I think we always have to present our work as a contribution to an ongoing conversation. We will make it our best interpretation of what this event/experience/process was like – its meaning and its relation to other events/processes – but there will never be a definitive version of these events. My interpretations are limited in the cases of the Aboriginal subjects like Isabel about whom I might write, by my life as a non-Aboriginal woman which has given me very different experiences. However, I have been as open as possible about both these types of limits on my interpretation and on the source materials I use (that’s part of being a good historian!) so that other people can pull what I have done apart. If they pay attention to it in order to do that, it will have made a useful contribution.

In Australia, there are simply too few Aboriginal people to tell all the stories that need to be told, so if non-Aboriginal people do not have a go at these stories, they will never even begin to be known. We can at least stimulate an awareness that there is an important story here to be understood. So I think recognizing our work as a contribution to a bigger conversation and expecting that it will be critiqued are important dimensions of good history work.

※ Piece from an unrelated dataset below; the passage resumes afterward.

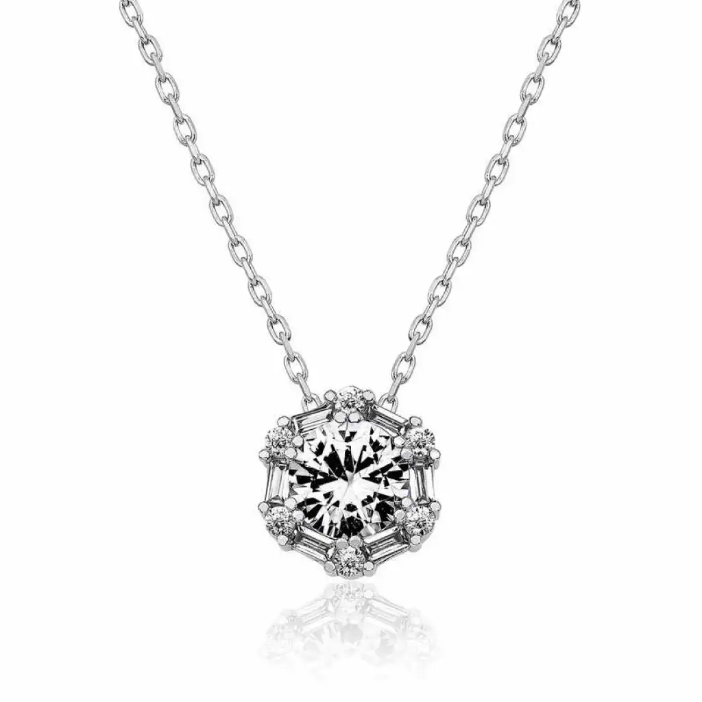 Gümüş Buz Beyazı Baget Taşlı Bayan Kolye

In considering how a historian from ‘outside the community’ might work, I think we have to consider what is meant by ‘community’. So collective identity would be bounded by how the ‘community’ is defined. Does this refer to the people in a specific geographic location? Or the people in a particular type of work or interest – e.g., leatherworkers or seamstresses? Or industrial workers? Or is it a ‘community’ of ethnicity, race, and culture of some sort? Etc., etc. And do they have to be conscious of their commonality??? (This is a bit reminiscent of Marx – a class for or of itself?)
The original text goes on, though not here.